James inherited a whole English drama culture. The English theatre was thriving as well as any industry of the time, complete with about twenty London theatres and scores of playwrights feeding them with new material every week.

By the time James came to the throne the theatre had become a favourite leisure activity in London, but the appetites of the theatre-going public were changing. Audiences loved the humour and the many human situations – the tragic and comic dramas – that were unfolding before them on the stage. But as time went on the playwrights, reading the audience’s changing appetite, felt the need to give them even more realistic representations of the society of which they were a part.

Towards the end of Elizabeth’s reign the plays were becoming more edgy and human situations were becoming more exaggerated. Extreme violence was being portrayed on the stage. The playwrights were focusing on the human being’s capacity for selfishness, and exaggerating such Renaissance forces as human ambition, and its effects. They were exploring the nature of evil, pushing things to the extremes of human behaviour. Audiences flocked in to see those representations of the society in which they lived, dramatised in exciting titillating stories, full of sex and violence.

And so we have such plays as John Webster’sThe White Devil and The Duchess of Malfi, with their highly intelligent characters perpetrating crimes and acts of violence in the pursuit of their ambitions. We have Thomas Middleton and William Rowley collaborating on a play that is still regarded as a model of Jacobean drama, The Changeling, in which we see a murderer cutting off the finger of his victim because the ring he wants to steal won’t come off. That is mild, though, compared with Shakespeare’s King Lear, where Lear’s daughter, Regan, tearing the old Gloucester’s eyes out, with the cry ‘Out, vile jelly!’

Shakespeare, the most gentle and sensitive of Elizabethan playwrights, with his moving human dramas and his comedies, but always with the lurking threat of violence, threw himself into the spirit of the Jacobean theatre, applying his talent for characterisation and plot to the new tastes. Iago, for example, the villain of Othello, a psychopath who limits his own violent acts but manipulates those around him to commit extreme violence, culminating in Othello strangling Desdemona, is the arch Jacobean protagonist – ambitious, intelligent, clever and manipulative. And, of course, Iago survives as one of the most notorious villains of both the Elizabethan and Jacobean periods – and of the whole of dramatic literature too.

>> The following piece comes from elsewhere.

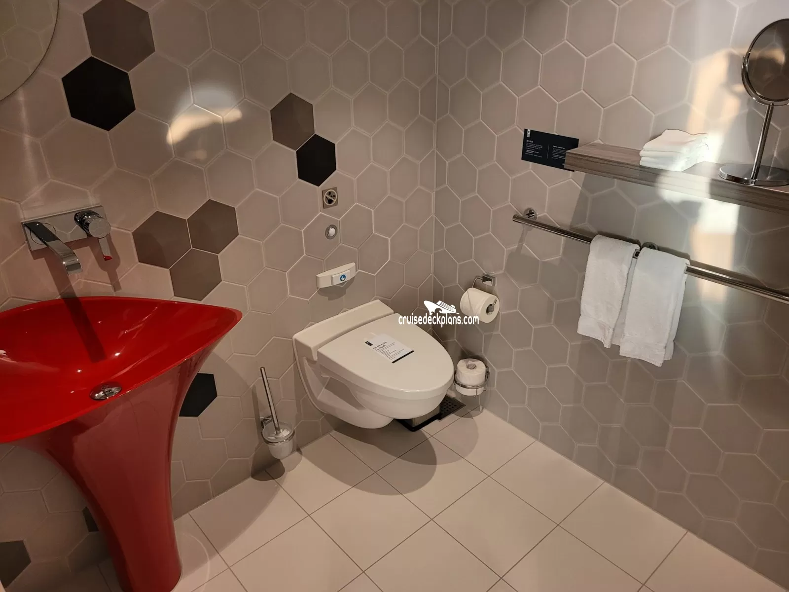 Bathrooms in standard staterooms are approximately 3' x 5'8". Shampoo, conditioner and soap are supplied in suites. Shampoo and soap are supplied in standard staterooms. Showers are European telephone style, adjustable from 1.4 m to 1.9 m, or 6'2", max. clearance height. Someone taller than 6'2" will fit in the shower, but will likely have to duck to get his or her head under the running water. Shower stools and nonslip mats are provided upon request.

To sum up: The comic dramas of the Elizabethan theatre give way to harsh satire, led by Ben Jonson: the Elizabethan tragic dramas give way to an obsession with moral corruption and violent stories of revenge. In both forms the dramas of the time show a cynical and pessimistic outlook on life.

A final, almost separate feature of Jacobean theatre sprang from a passion of the king and queen – the musical drama, and so the Jacobean theatre is full of masques – dramas with music and elaborate sets. And here again, the finest example of a Jacobean masque is Shakespeare’s The Tempest.

Some of the most prominent of the Jacobean playwrights, apart from Shakespeare, are Jonson, Webster, Tourneur, Beaumont, Fletcher, Middleton, Rowley, Marston, Heyward, Ford and Dekker.